Wednesday, 4 March 2026

Matters of Public Importance

Labor Government

7:12 pm

Photo of Jonathon DuniamJonathon Duniam (Tasmania, Liberal Party, Shadow Minister for Environment, Fisheries and Forestry) Share this | Hansard source

That's right, on multiple occasions at both of those elections—that they would be more transparent than the previous government.

Well, you only have to ask the Centre for Public Integrity, who say this is the most secretive government in history—that their approach to the release of information, that their approach to being transparent, to being cooperative with those seeking information, is worse than that of any government on record. Now, I don't think the Centre for Public Integrity is a group you could call friends of the Liberal Party or the conservative cause or right-of-centre political parties. I think they are genuinely interested in this issue of transparency. For them to label this government the most secretive does rather put paid to this promise the Prime Minister made that this government would be the most transparent ever—it would be a new era of openness from government. Well, in fact, it is quite the opposite, when you see claims like that.

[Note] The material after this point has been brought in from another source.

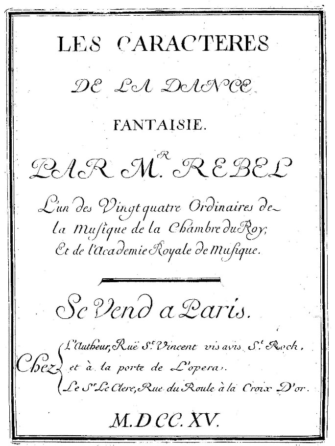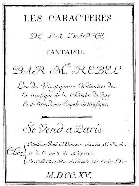 La pièce que j'ai choisie pour ce billet "Les Caractères de la Danse" s'insère parfaitement dans le cadre de l'Esprit français car on ne peut concevoir de musique française sans parler de la suite de danses. Cette pièce de Rebel a l'avantage de présenter un large éventail de ce qui se fait à l'époque, onze danses précédées d'un prélude entre lesquelles l'auteur intercale par deux fois un mouvement vif de sonate : Prélude-Courante-Menuet-Bourrée-Chaconne-Sarabande-Gigue-Rigaudon-Passsepied-Gavotte-Sonate-Loure-Musette-Sonate. Le tout en huit minutes !

Today, as Senator Lambie has alluded to, we were able to debate exactly what this government is up to. They talk about wasted time and wasted resources associated with this—'It's an abuse of process.' Well, I'm afraid it's not. Let's just examine the road that it takes to get to this point around this issue of orders for the production of documents—that is, the Senate asking for information, on behalf of the people of Australia, from the government. The assistant minister, in his contribution earlier, talked about question time. Yes, that's a great opportunity to ask questions. The pity is that we don't get answers—not fulsome answers but just political babble.

Questions on notice: in my own experience, you put in questions on notice at, for example, Senate estimates; you go to the committee and say, 'Minister, could you tell me X,' and the minister says, 'Oh, I can't tell you that; I'll have to take it on notice,' or the official might do the same. Yet we're told that at Senate estimates we're putting too many questions on notice. That's because they're taking them on notice! They're refusing to answer the questions. So we're left with nowhere to go. In some of them I might ask a series of questions—say, 10 questions on similar issues—and the answer I'll get back might just be from the department: 'The department does not hold that information.' That's the kind of answer we're getting back to questions on notice.

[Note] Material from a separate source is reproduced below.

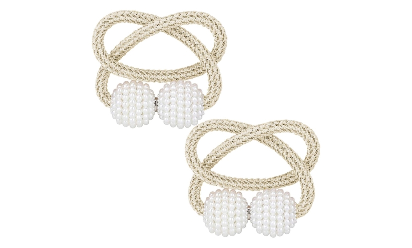 Δέστρα κουρτίνας με μαγνήτη, σε μπεζ απόχρωση, ιδανική για το δέσιμο - κράτημα της κουρτίνας. Πρόκειται για ένα πρακτικό αξεσουάρ, με κομψό σχεδιασμό που δεν τσαλακώνει το ύφασμα της κουρτίνας. Το σετ αποτελείται από 2 τεμάχια.

Freedom of information: earlier today Senator David Pocock presented a document and showed it to the chamber and indeed the people in the gallery. It had more black ink than you could even imagine could exist on an A4 page, and that was freedom of information; that was information being released to the public. It was all redacted. So here we are, left with all these things the assistant minister said that we as senators should go to first, where we get zero information at every stop, and we're left with orders for the production of documents.

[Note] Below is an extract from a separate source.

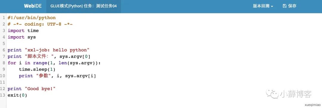 • 19、GLUE:提供Web IDE,支持在线开发任务逻辑代码,动态发布,实时编译生效,省略部署上线的过程。支持30个版本的历史版本回溯。

Again, this Labor government, which has united everyone from Lidia Thorpe to Pauline Hanson and everyone in between in opposition to its approach to transparency, has been moving amendments to these motions that, as I said earlier today—and we'll have to add to the time—have taken 6½ hours. Six hours and 31 minutes were wasted on formal motions relating to orders for the production of documents over the past four days alone. We could have been doing government business. We could have been dealing with matters Middle East. We could have been dealing with foreign policy. We could have been dealing with national security. But no: instead, we saw a government so desperate to not provide the information that Australians deserve that they moved the same amendment, motion after motion after motion.

So I commend Senator Lambie for bringing this matter forward as a matter of public importance, because it is important to highlight the continued flouting of this government's responsibility to be open and transparent, of this government's promise to the Australian people that they would be a more open government. The facts, from the report of the Centre of Public Integrity through to their conduct this week, are that this is not an open and transparent government.